Logos (pronounced low-goss), from the subheading given above, refers to a rational principle. It is an ancient Greek word, and has taken on many meanings for a range of different authors, differing even from Plato to Aristotle. It is Plato’s meaning which is relevant here: the logos is the means by which we access the eidos, the Forms. For those not familiar with this theory, a coarse form of Plato’s argument is as follows. We can recognise a unity across differing objects – for example, we can see a red car and say that it is red, see a red brick and say that it is red, and see a red bucket and say that it is red. How do we recognise red, when there is not one red in one form, but various in many? There must be an exemplar that we call upon in order to recognise such abstract concepts, such unities. This exemplar is a Form, an eidos.

We can have Forms of any abstract concept: the Form of a horse, say, is a perfect exemplar of Horsiness. All particular examples of any abstraction approach the perfection of a form, but do not fully achieve it, but it is in their proximity to the ideal that we are able to recognise them. We gain knowledge of the Forms through a logos, which is a way of expressing the content of a Form. The classical example is that of shape: Socrates says in the Meno, when asked how one would explain shape to someone with no understanding of it, that shape is the limit of a solid. This latter clause is the logos of the eidos of shape. It looks rather like a definition, and indeed one could claim that Plato holds a theory of meaning that states that a word has a fixed meaning given by a fixed definition, and that definition can be uncovered through philosophy, which allows one to identify the logos of a particular Form, or the rational principle by which one accesses it. This is a very primitive statement of his argument, but it will suffice for the point I wish to make.

This understanding of meaning as fixed is one that is perennially popular in philosophy, even to this day when at least one famous academic has made his career from taking as the starting point of his argument: “We want words to have a fixed meaning. What needs to be the case for this to work?” However, it is almost trivially untrue, as even the most cursory reader of Wittgenstein will be aware. Instead, words take part in games of meaning, in which participants in a particular game may assign a meaning to a word while other games assign a different meaning. Meaning is thus fluid and only given in how the word is used. However, it remains crucially important, even without the fixed points of eidos: only with a shared logos can we successfully communicate.

What does any of this philosophical abstraction have to do with politics in the real world, you might be asking? The answer is a great deal, because our main political parties have all been complicit in activities which subvert the logos for their own ends, and in doing so have created a situation in which we are governed by groups of people who in a very meaningful way no longer speak the same language as the public.
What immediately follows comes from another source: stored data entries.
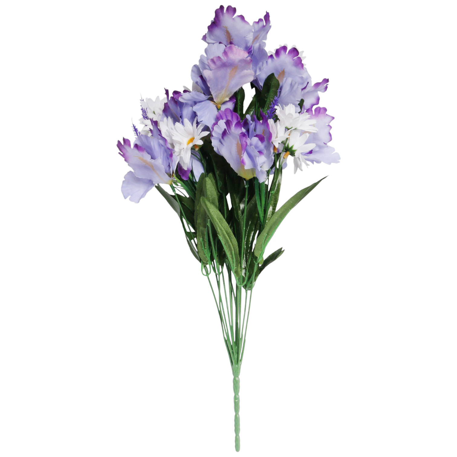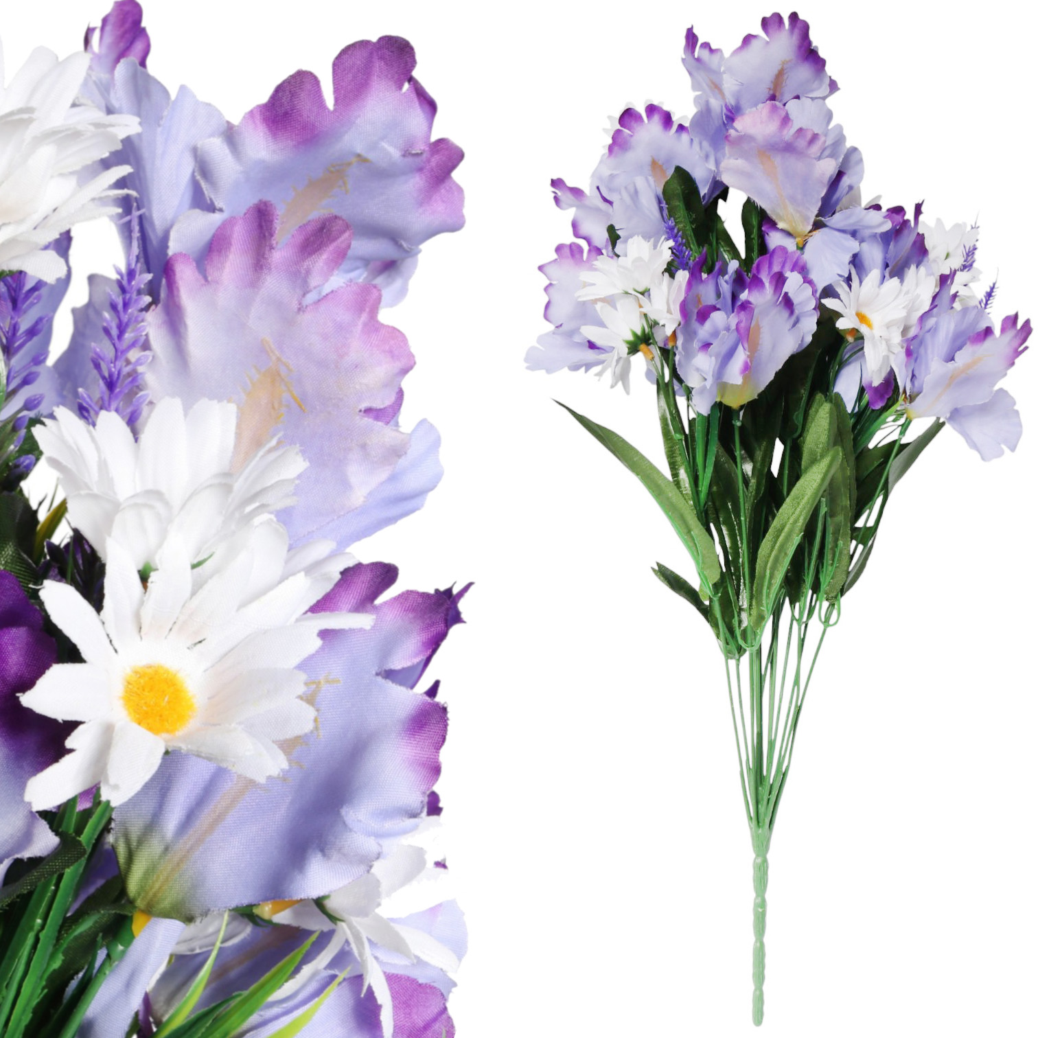 Bukiet sztuczny złożony z 14  irysów z margaretkami i dodatkami o wysokości 50 cm to wyjątkowa dekoracja, która zachwyca elegancją i naturalnym wyglądem. Wykonany z wysokiej jakości materiałów, do złudzenia przypomina żywe kwiaty, dzięki czemu wprowadza do wnętrza ciepło, przytulność i świąteczny klimat. Bukiet doskonale prezentuje się jako samodzielna ozdoba w wazonie, a także jako element większych kompozycji, stroików czy dekoracji wiosennych, podkreślając ich wyjątkowy charakter. Intensywne kolory kwiatów pięknie komponują się z różnorodnymi dodatkami, tworząc efektowną całość pasującą zarówno do nowoczesnych, jak i tradycyjnych wnętrz. To ponadczasowa dekoracja, która nie wymaga pielęgnacji, a jednocześnie gwarantuje trwały i elegancki efekt wizualny przez wiele sezonów.
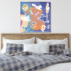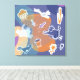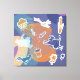 Canvas afbeelding koeien buiten in de wei met vogel, kip en bloemen. Kleur tinten blauw oranje.
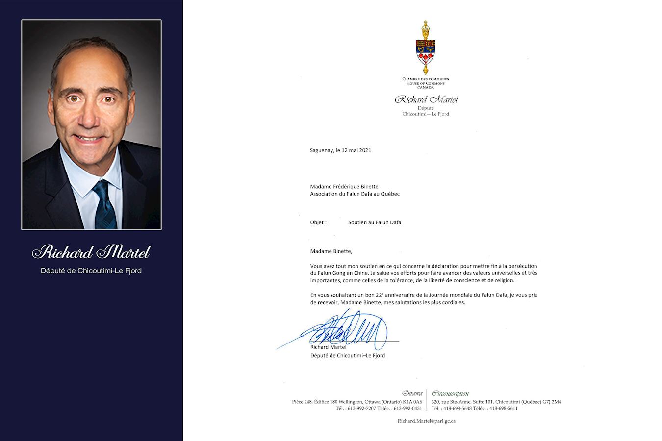 魁北克省联邦议员理查德·马特尔(Richard Martel)在信中恭贺法轮大法日,向法轮功学员表示致意,赞扬他们为弘扬真、善、忍普世价值付出的努力,支持法轮功学员对制止(中共)迫害的呼吁。
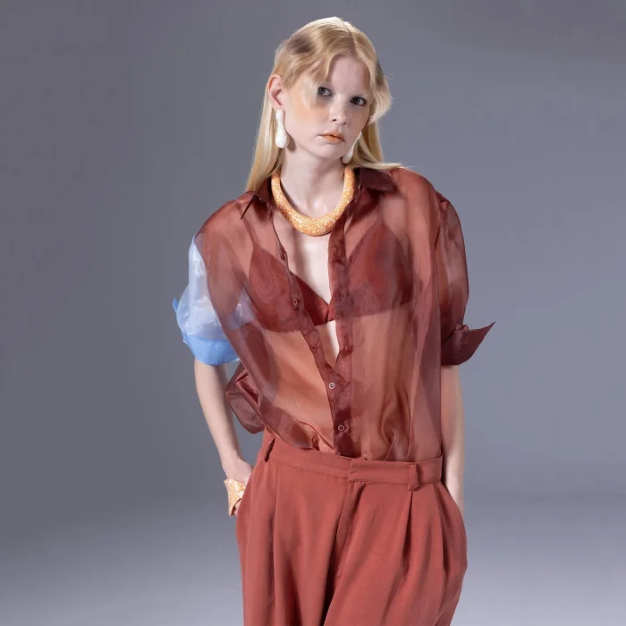 Product: Terra Cota Organza Puzzle Shirt
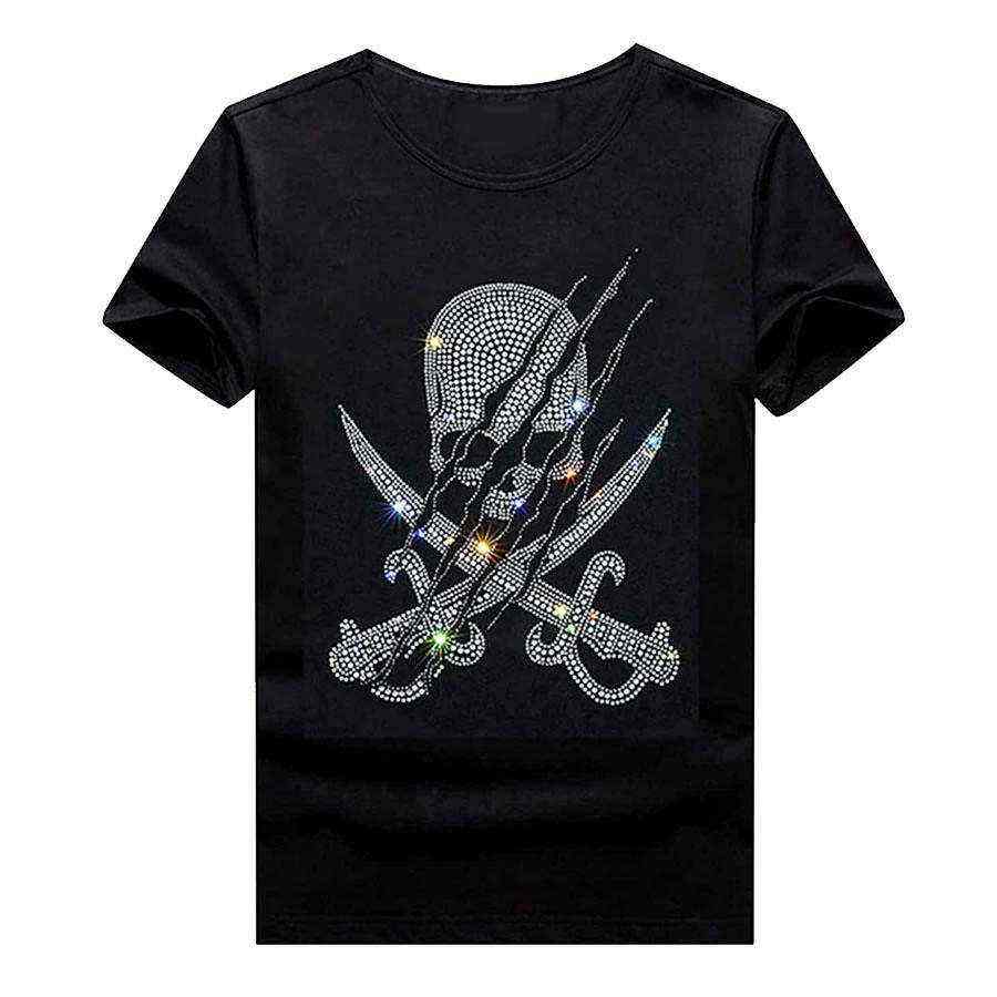 Rhinestone Mens Customizable T Shirts Cotton/Polyester Options High Quality & Quick Dry Wholesale Rhinestones T Shirts
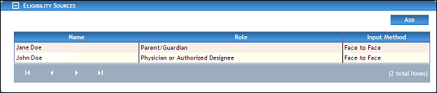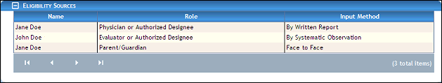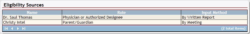 The table contains a list of all eligibility sources currently associated with the child. Detailed information about the eligibility sources displays in the following columns of the table:
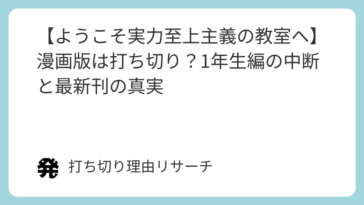 『ようこそ実力至上主義の教室へ』漫画版が打ち切りと噂される理由
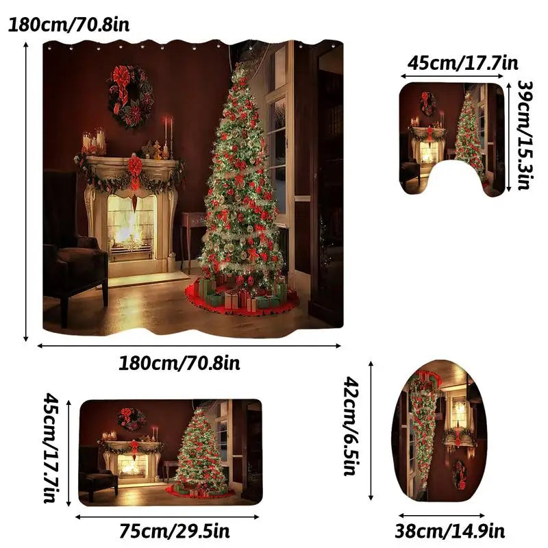 Toilet Lid Cover Rug Set Fast Drying Christmas Tree Shower Curtains Set Creative Shower Drapes Non-Slip Bath Mat For Home
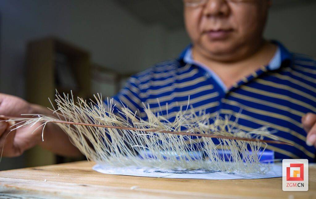 执起特制的刀具,他将竹料分割成均匀的细条。刀锋轻舞,竹屑如雪花般纷飞,逐渐露出薄如蝉翼的竹丝。“龚扇分为中档、高档、精品三个规格。精品扇的竹丝必须薄至0.01毫米,不到头发丝厚度的七分之一。在我创新之前,还没有‘精品’这一档。”他一边说,一边用指尖轻抚竹丝,全凭手感控制均匀度,“力道稍偏,竹丝即断。光是刮制一把扇子所需的竹丝,就要耗去半个月光阴。”

The first example of this – indeed, the example that directly inspired the title of this blog – is a phrase used extensively by the Liberal Democrats: ‘local campaigner’. Typically, this phrase is used in the Party’s public-facing literature to describe candidates at both local and parliamentary levels. It seems innocuous – the overwhelming majority of Lib Dem candidates do campaign on local issues, and do so genuinely. My objection to it is not based on dislike of candidates, but rather on the way in which its use in this context changes its meaning. The habitual use by Liberal Democrats of this phrase to refer exclusively to their candidates in their literature and not people who campaign for their local area without political aspiration adds to their logos for this phrase, while the public spirit inherent in campaigning lends the phrase an air of altruism when interpreted by the public. These logoi are as below:

libdem

While it may seem unusual to think of Lib Dems as seeking power, it is clear that the use of this phrase packs in a great deal of utility: the leftmost logos presents an inducement to vote for the candidate.The Lib Dems are not lying when they use this phrase to describe their candidates – in my experience, politicians rarely lie – but instead they have bastardised the meaning of a phrase for political gain.
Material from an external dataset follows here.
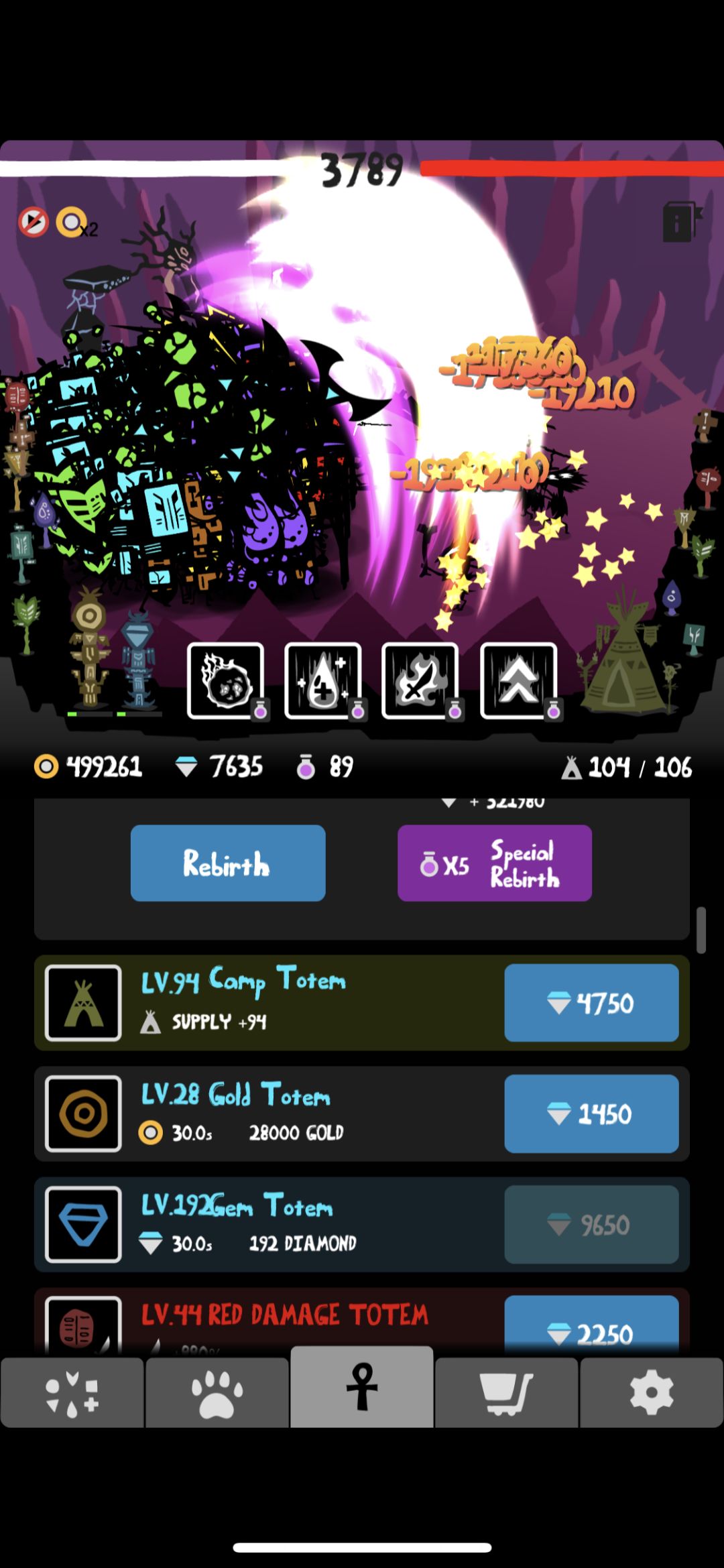 IOS区正版号。手贱买了30元的去广告,后面发现没什么用,钻石主要靠前期的重生和后期升上去的每30秒获得钻石,如图已升到每30秒191钻,因为升完每秒砸石头,眩晕对方全体,过图已经无压力,后期还在升这个每秒获钻,想看最高能到多少。

Of course, the public is not quite so easily deceived as I paint here, but we have two options for their response: either they accept the Lib Dems’ use of ‘Local Campaigner’ as being equivalent to their use (and thus the Lib Dems are not really communicating with them as they are in two different language games) or they recognise that the Lib Dems are using the phrase differently and that actual communication is not happening. Either way, the use of this phrase with its Lib Dem logos erects a barrier to genuine conversation between politicians and the public. It is the case, however, that they are not necessarily aware that this could be in any way considered untoward, which I shall consider later.

The second example I want to pick up on was used by Ed Milliband in his speech to the TUC conference. In it, he claimed that he was presenting a ‘fundamentally different vision of our economy’. In practice, this means a greater emphasis on apprenticeships and potentially something like Germany’s KfW running alongside the existing Green Investment Bank, with perhaps a greater reluctance to deregulate employment thrown in. ‘Fundamentally different’ is, as a result, an exaggeration at best. However, it is highly likely that Milliband believes that he is presenting something very different, because of a feature of political trench warfare: all differences are magnified by competition. Thus, we have two logoi that are even further apart:

labour

Nonetheless, this use of the phrase retains its utility, as it prompts party supporters to believe that Labour is genuinely pushing for real change. However, the sheer disconnect on show here means that such supporters will necessarily be disaffected as time passes, because they are literally incapable of communicating with their leadership using phrases like this.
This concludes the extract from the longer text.